Phishing is the name given to the fraudulent process that criminals use to acquire sensitive data including personal information, login credentials, credit card data, and bank account details, by way of using elaborate email hoaxes with links that lead to phony websites masquerading as legitimate institutions.
Only 0.5% Actually Become Victims
A report released early this month by Trusteer, a Tel Aviv-based browser security company, shows that every year, about 10,400 in a million customers (1.04 percent) get lured into a phishing trap and click on malicious links designed to bring them to fraudulent websites. Of that number however, less than half, or only about 4,700, end up divulging their online banking information including login IDs and passwords.

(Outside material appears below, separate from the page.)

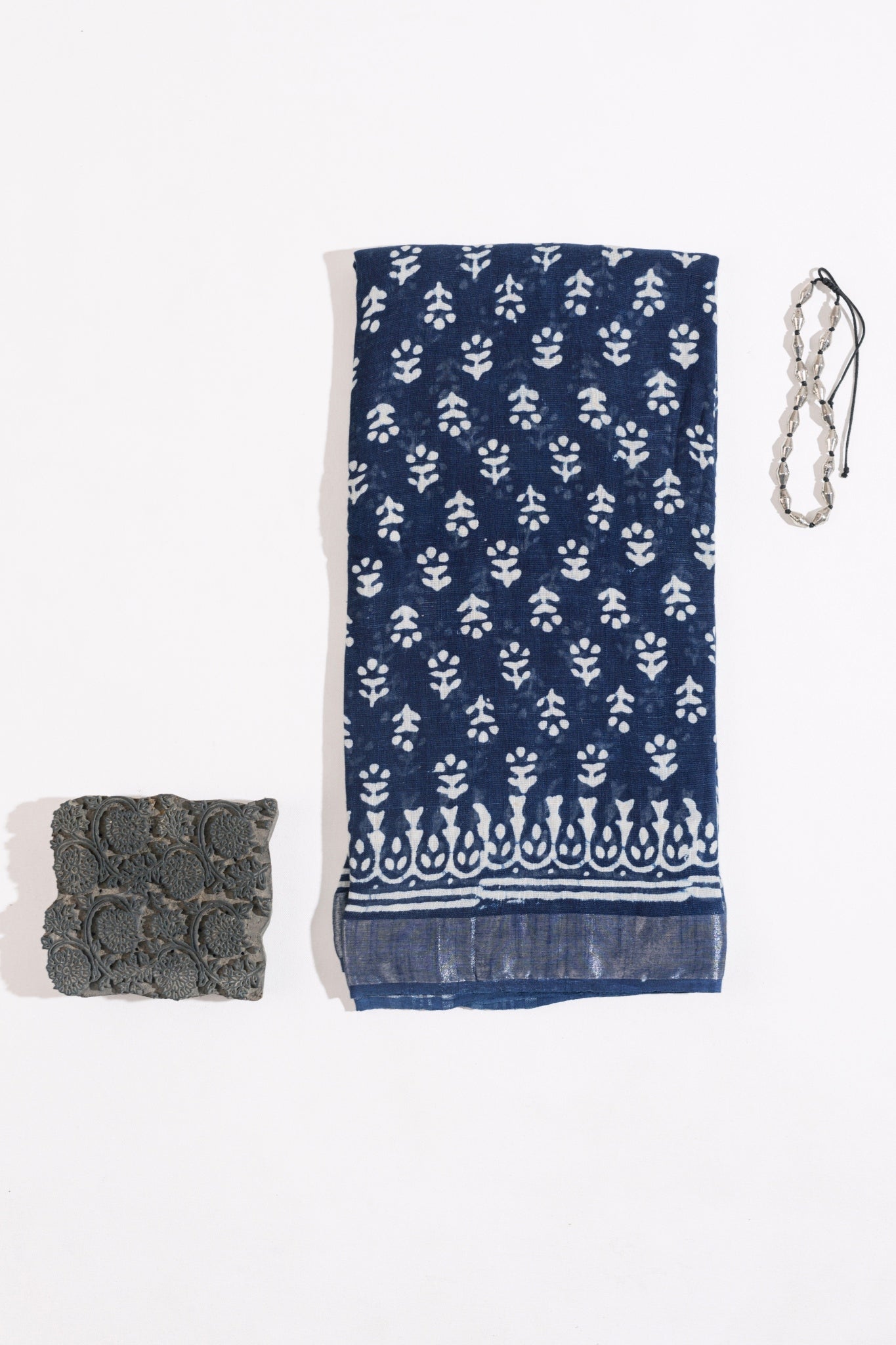 Indigo Linen Hand Block Saree

One the reasons why online banking users are probably still drawn to visiting these phishing sites is that most of the perpetrators and cybercriminals have become very adept at designing websites that have the look and feel of the real bank sites.

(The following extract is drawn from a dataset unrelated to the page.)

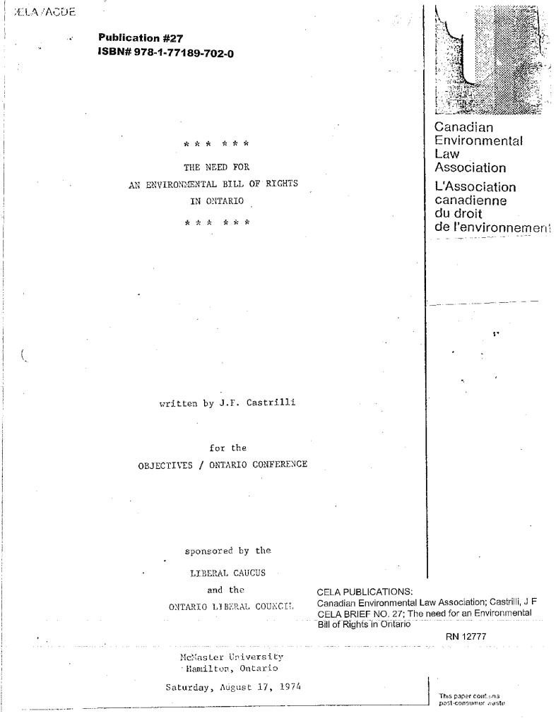 File 1.0 - CELA briefs and responses to government consultations environmental justice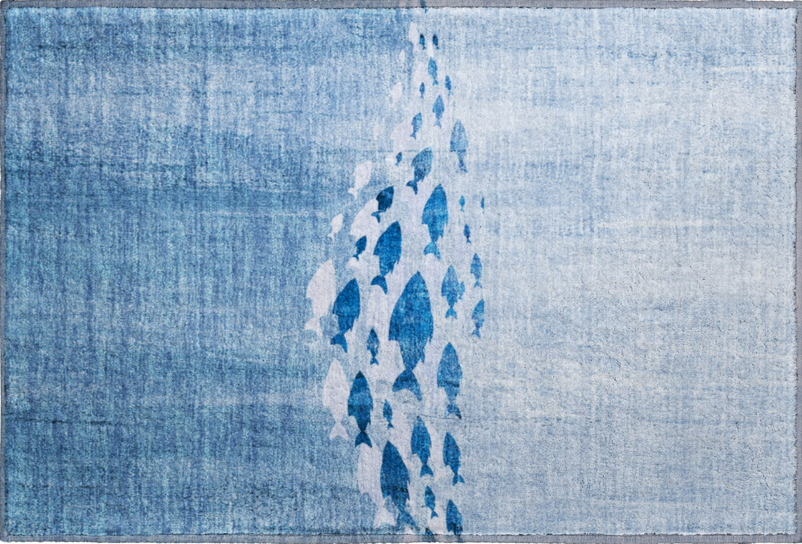 A school of fish is beautifully centered in this rug's gradient ombre effect, adding a distinctive nautical touch to transitional decor. The dynamic pattern introduces a sense of movement, enhancing the room with a soothing and engaging touch. Its unique mix of traditional and modern elements offers a polished and elegant look. Perfect for indoor and covered outdoor use, this rug features a thick, plush microfiber pile that offers soft comfort for every step. Its premium machine washable construction makes cleaning a breeze, while its family and pet-friendly design ensures it can handle the demands of everyday life. Add a touch of cozy elegance to your space with this versatile rug.

Huge Losses, Despite Few Victims
While a percentage of less than 0.5 percent may not seem like a lot, the financial losses that result from this relatively small number of consumers who fall victim can be incredibly huge.

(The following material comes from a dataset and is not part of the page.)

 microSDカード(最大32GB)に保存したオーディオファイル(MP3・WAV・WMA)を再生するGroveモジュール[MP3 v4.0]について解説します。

According to Trusteer CTO Amit Klein, “While the fact that nearly half of the victims were tricked into giving up their online banking credentials was surprising, the aggregate value of the financial losses created by only half of one percent of a bank’s customers is staggering.”
On an annual basis, the losses can add up to as much as $2.4 million to $9.4 million for every 1 million online banking users.
About the Trusteer Report
The data presented by Trusteer was collected over a three-month period using its Rapport plug-in, which the company claims is installed in about 3 million computers in North America and Europe. Part of Rapport plug-in’s function in providing computer security is to monitor phishing attacks made against the specific PC, and preventing users from entering their login info on questionable websites.
The Trusteer report is certainly interesting to note because it is one of the few, perhaps even the first, that gives realistic figures of how online banking consumers actually respond to phishing emails.